On the 16th of November this year, Netflix released one of their worst films so far. The Princess Switch starring Vanessa Hudgens as both the Princess-to-be and the one who is switched with her is so predictable it’s easy to guess what the actors next lines will be. And, yet, I watched the whole thing. Mostly because I wanted to see where it was going. Surely there would be some shocking twist at the end to redeem itself. But, no. It remained so bad that I watched all hour and forty minutes of it- almost enjoying it.
It was an easy watch, much like flicking through a children’s book. Similarly, it was as comforting as an old picture filled happy ending story. And, it was funny. Really funny. Maybe not in the way it wanted to be, but it made me laugh several times anyway.
Many people have argued for and against The Princess Switch online since its release, so regardless of whether it will be a next classic (it won’t), it certainly got a lot of attention. Which I think is exactly what the makers wanted. Why else would they unabashedly promote their equally shameless production AChristmas Prince in this film?
Either way, here are all the reasons why we found it so ridiculously bad, that it was fun to watch. Oh, and *spoiler alert*.
It “borrowed” the made-up country idea
Just like The Princess Diaries, The Princess Switch (eerily similar name, too) is set in a made-up picturesque European country run by its monarchy. Genovia, famous for its pears and fairytale castles bears an uncanny resemblance to Belgravia. Which is actually a place in London and not the location of a famous baking competition.
It also “borrowed” the switch idea
And, just like The Parent Trap, The Princess Switch conveniently thought up a situation just like the Lindsay Lohan classic. One American and one (at least sounds) English lookalike decide to switch lives for the experience. It seems that since the 90s film, there haven’t been many improvements the in special effects departments as there are many shots of the back of heads while the other one is talking.
Most of the plot is given away in the first scene
When Stacy finds out that she and Kevin (the sous chef) are invited to the baking competition, even though the invitation doesn’t even include their names, Kevin’s daughter, Olivia, mentions the “handsome prince” twice.It doesn’t take much to figure out that something romantic will subsequently follow involving the prince.
She’s in Chicago at Christmas, so why is she dressed like that
Actually, why is everyone in the Chicago scenes dressed like that? Have they ever been to Chicago in December?
Must she wear it constantly? I guess it’s a good indicator that she’s from Chicago because nothing else is.
As much as Vanessa Hudgens is a great actress, her English accent is somewhat painful to listen to.
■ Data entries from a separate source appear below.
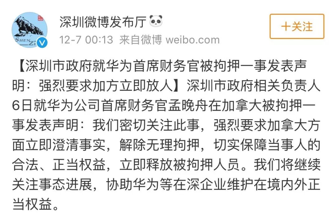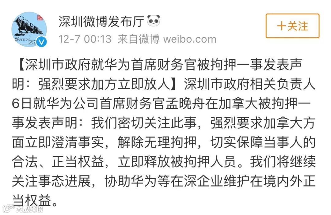 6日,深圳市政府相关负责人就华为首席财务官孟晚舟在加拿大被拘押一事发表声明。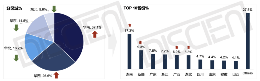 從中標項目數量分布來看,華南&華西同比增長較為明顯,合計份額超60%;分省份來看,TOP3省份分別為湖南、新疆、廣東,合計占比接近35%,同時從TOP3省份的項目特點來看,主要以教育(職業教育&義務教育)、公安、醫療衛生為主。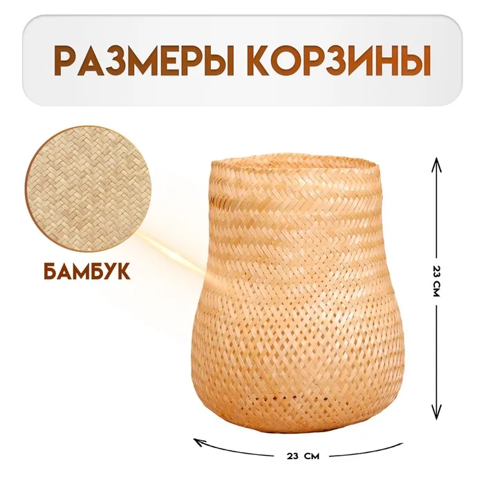 Корзинка плетёная, из бамбука 23х23х23 см — Характеристики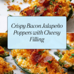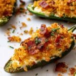 These jalapeño poppers are a deliciously cheesy and crispy appetizer featuring fresh jalapeños stuffed with a creamy mixture of cream cheese, sharp cheddar, savory bacon, and green onions. Crispy bacon bits and toasted panko breadcrumbs on top add a perfect crunch, baked to golden perfection in the oven.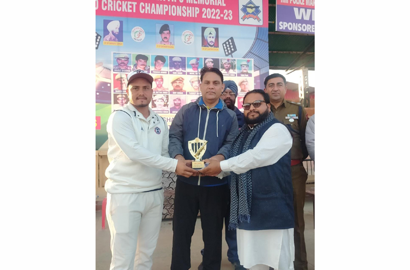 A player being awarded with trophy by SSP RC Kotwal at Kathua on Friday.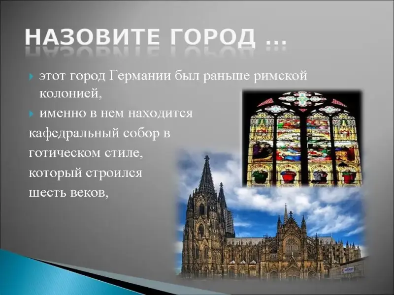 9. Этот город Германии был раньше римской колонией, именно в нем находится кафедральный собор в готическом стиле, который строился шесть веков, он славится своим шоколадом и знаменит тем, что здесь появился первый одеколон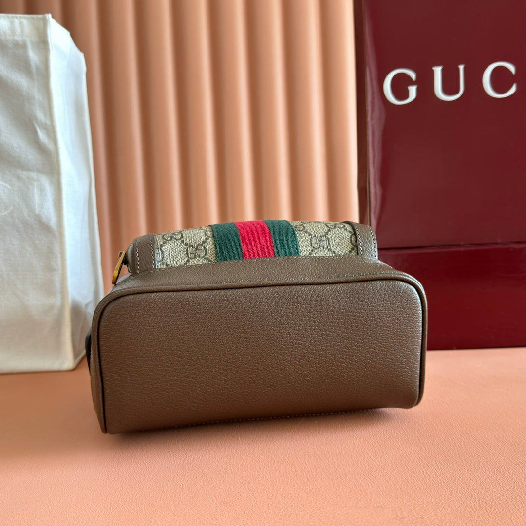GG Small Ophidia Backpack Beige & Dark Brown GG Monogram Fabric 272187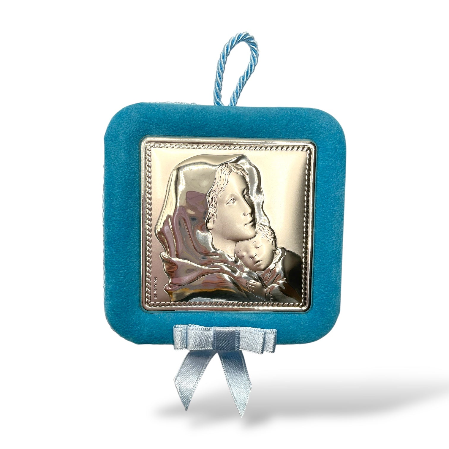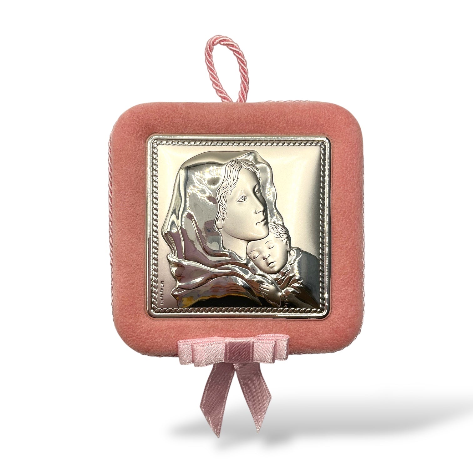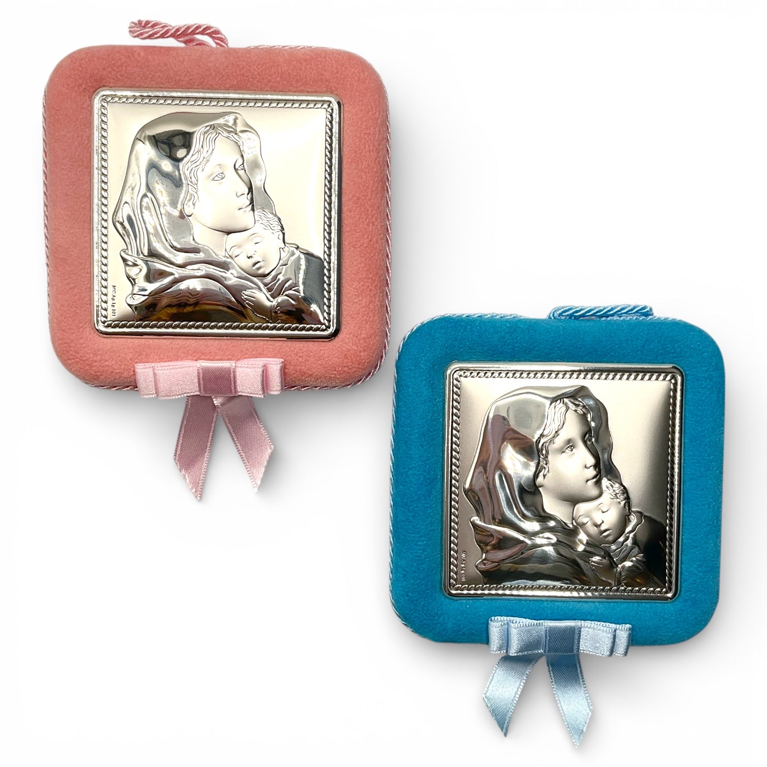 Medaglione sopraculla Madonna con Bambino di forma quadrata di Valenti. Medaglione in velluto di colore rosa o azzurro forma quadrata con lastra in argento bilaminato, composto da una sottile lamina di argento puro unita con speciali resine ad una più robusta base di alluminio, rappresentante Madonna con Bambino.
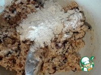 Изюм (у меня в этот раз был чернослив) замочить, а после-порезать. Финики также порезать, предварительно удалив косточки, если таковые имеются. Грецкий орех порубить (на ваш вкус: можно мелко, а можно крупно, а можно оставить целые орешки и вложить внутрь печеньки или положить сверху). Вообще можно использовать и кунжут, цукаты, семена льна, семечки подсолнечника и т. д. и т. п..
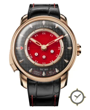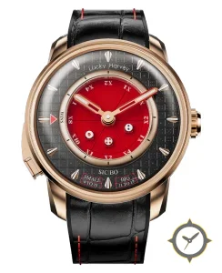A Luxury watch with a bold 43mm presence on the wrist, crafted from gold featuring a red dial with a unique textured outer ring with smooth central subdial (clous de paris pattern on outer dial) finish.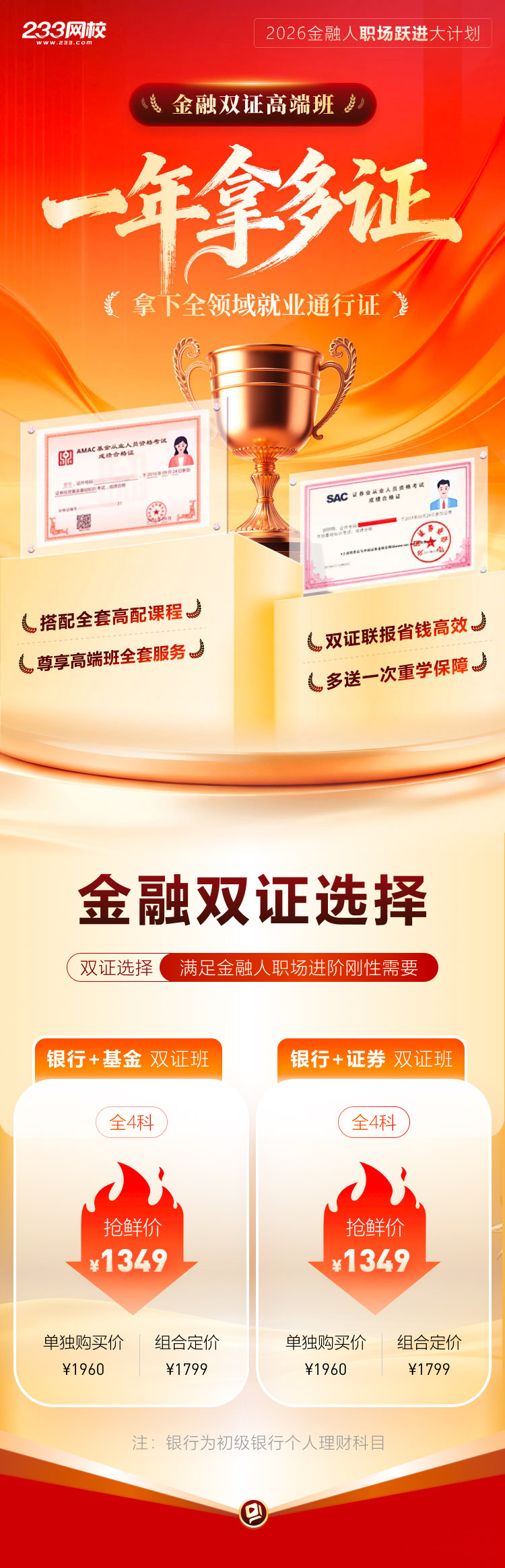 银行+基金双证班,拿下金融行业从业晋升"双保险",一年拿两证?

It could be that I notice it more because I actually do have an English accent, but it’s about as awful as Anne Hathaway’s Yorkshire accent in the film One Day.
Stacey and Lady Margaret Delacourt matching tattoos
Whether the makeup artists forgot to cover up Vanessa Hudgens pinky tattoo, or simply didn’t have the budget to (makes more sense), it was a huge showing of how much effort they put into this film.
Their planning sucks
Surely, the first thing Stacey would teach Lady Margaret Delacourt is her secret handshake with Olivia. And surely Lady Margaret Delacourt would tell Stacey a bit more about her country and her talents. They swap phones but don’t keep in touch as much as they should have, which results in them ending up in the same place at the same time.
All the snow
In the snowball fight scene, there is what looks like, and probably is, sprayed on snow up the sides of the houses they are fighting outside of. Not only that, but when “Stacey” and Kevin fall on to a pile of it, it appears to be so dry and un-snowlike that the usual coldness of it doesn’t affect them and their clothes seem immune to getting wet.
The baking dilemma
It’s a baking competition and Stacey and Kevin don’t realize their mixer won’t work right until the end. Which means that neither of them or the staff noticed beforehand and neither of them used it once throughout making an entire cake. Once they realize, surely a baking competition would have spares? No, they don’t. Stacey mustpuree the berries by hand.
So, are they related?
Stacey and Lady Margaret Delacourt discover that they could be related. Yet, this isn’t followed up or spoken about after they question it. They know that they could be but don’t bother consulting any family members or records and leave it at that.
Not one but TWO couples fall in love in a matter of days
*Knows someone for a few days*
Lady Margaret Delacourt: “I suppose I found out I’m just a normal girl. And, normal girls, they fall in love with normal boys. Like you.”
Stacey: “I love you more than I’ve loved anyone in my whole life.”
The ~mystic~ old man
They never get around to explaining what his purpose was apart from him being around all the time. And, when Stacey asks him if he was in Chicago recently, he asks with wonder how that could possibly be true. So, Belgravian’s haven’t heard of planes yet?